Les mécanismes de l’enquête, l’épreuve, l’examen, les régimes d’administration des preuves, toutes ces pratiques à travers lesquelles chaque époque a pu produire ses “vérités” scientifiques et ses “vérités” juridiques, à travers lesquelles on se “représentait” ce que l’on “tient pour vrai”, semblent de plus en plus devoir être court-circuitées par des “data sciences” productrices de “solutions opérationnelles” mais dépourvues d’épistémologie et court-circuitant les possibilités de critique herméneutique et politique. — Antoinette Rouvroy

Des normes dociles aux comportements des corps

Dans la gouvernementalité algorithmique occidentale (en Chine, c’est très différent), la cible ce ne sont plus les corps physiques ou un territoire, ou, comme dans la biopolitique foucaldienne, la lèpre, l’étranger, la maladie mentale, mais, bien plus généralement, l’espace spéculatif de l’incertitude. La gouvernementalité algorithmique n’agit pas sur les personnes, à la manière de la normalisation, mais sur la prévisibilité de leurs actes. Nous sommes loin de l’univers disciplinaire décrit par Foucault. La biopolitique, qui consistait à produire des corps dociles par rapport à des normes qui leur préexistent fait place à des dispositifs qui visent plutôt à produire les normes les plus adéquates, les plus “personnalisées”, les plus dociles aux comportements des corps : il s’agit d’une normativité éminemment plastique, fluide, qui colle aux comportements de chaque individu comme une seconde peau. Les microdirectives algorithmiques n’ont pas du tout le caractère “stratégique” que la norme avait toujours chez Foucault : les comportements des individus ne sont pas “en retard” sur une “norme” qu’ils tentent d’incarner ou dont ils tentent de s’écarter, non, c’est la “norme” (ou le profil, le “score”, l’appariement, la hiérarchisation qui sont d’ailleurs d’avantage des “espaces spéculatifs” que des normes) qui “suit” les comportements même les plus “hors norme”, même les plus éloignés des grands nombres, des individus. Dans cette “société de notation” les individus sont mis en concurrence absolue les uns par rapport aux autres et enjoints de maximiser leur “capital humain numérisé”, évalués en continu comme ils le sont, non plus à l’aune de métriques stables, mais à l’aune de métriques hyper-mobiles évolutives en fonction des comportements de tous les autres.
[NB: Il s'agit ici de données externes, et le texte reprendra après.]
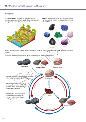 The geosphere is the solid part of Earth, which Minerals are naturally occurring, inorganic solids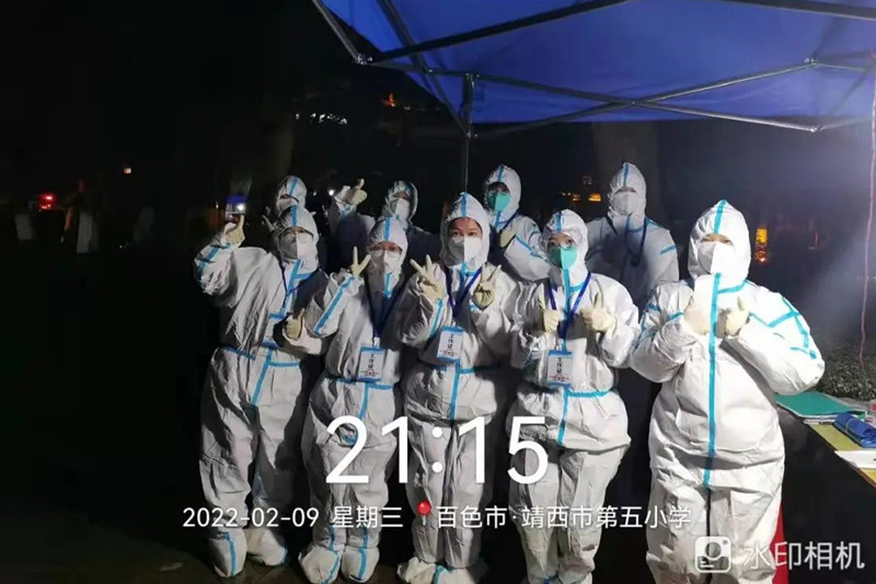 一附院支援百色市疫情防控临时党支部在支部书记苏宇虹的带领下,在核酸采样工作中,党员同志以身作责,冲锋在前,入村进屯,翻山越岭,为出行不便的老人上门采样,确保不落一户、不漏一人,把党史学习教育的成果转化为“我为群众办实事”的行动,用初心温暖民心、用行动诠释使命,在抗疫一线推动“学史力行”走深走实,充分发挥了临时党支部战斗堡垒作用和党员先锋模范作用,在执行疫情防控工作的过程中队员们始终用实际行动彰显着共产党员的政治自觉和使命担当。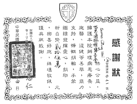 | 天主教私立圣十字架疗养院致赠之感谢状。 |

Prédire ne demande pas de savoir, encore moins de comprendre

Les régimes d’énonciation, de véridiction, de justification (les régimes de vérité chez Foucault) sont remplacés par un régime d’optimisation et de préemption. Les catégories ou les formes (idéologiquement contestables, subjectivement partiales, toujours un peu “inadéquates”,...) à travers lesquelles nous sommes socialement, culturellement, politiquement ou idéologiquement prédisposés à percevoir et à évaluer les événements du monde et ses habitants sont donc remplacées par la détection de signaux en “temps réel” et une évaluation anticipative non plus de ce que “sont” les personnes ou les événements, mais, sur le mode du “crédit”, des opportunités, propensions, risques,... dont leurs formes de vie sont “porteuses”. Les modélisations algorithmiques ne visent plus la production d’aucun “savoir” mais la fourniture d’informations opérationnelles qui ne sont ni vraies ni fausses, mais qui sont suffisamment fiables pour justifier des stratégies d’action préemptive.

- Peut-on considérer que l’enjeu de la protection des données personnelles soit dépassé ? En quoi le raffinement des techniques de profilage exerce-t-il une pression contre l’individu dans l’espace social?

Antoinette Rouvroy : Oui, et ce pour plusieurs raisons.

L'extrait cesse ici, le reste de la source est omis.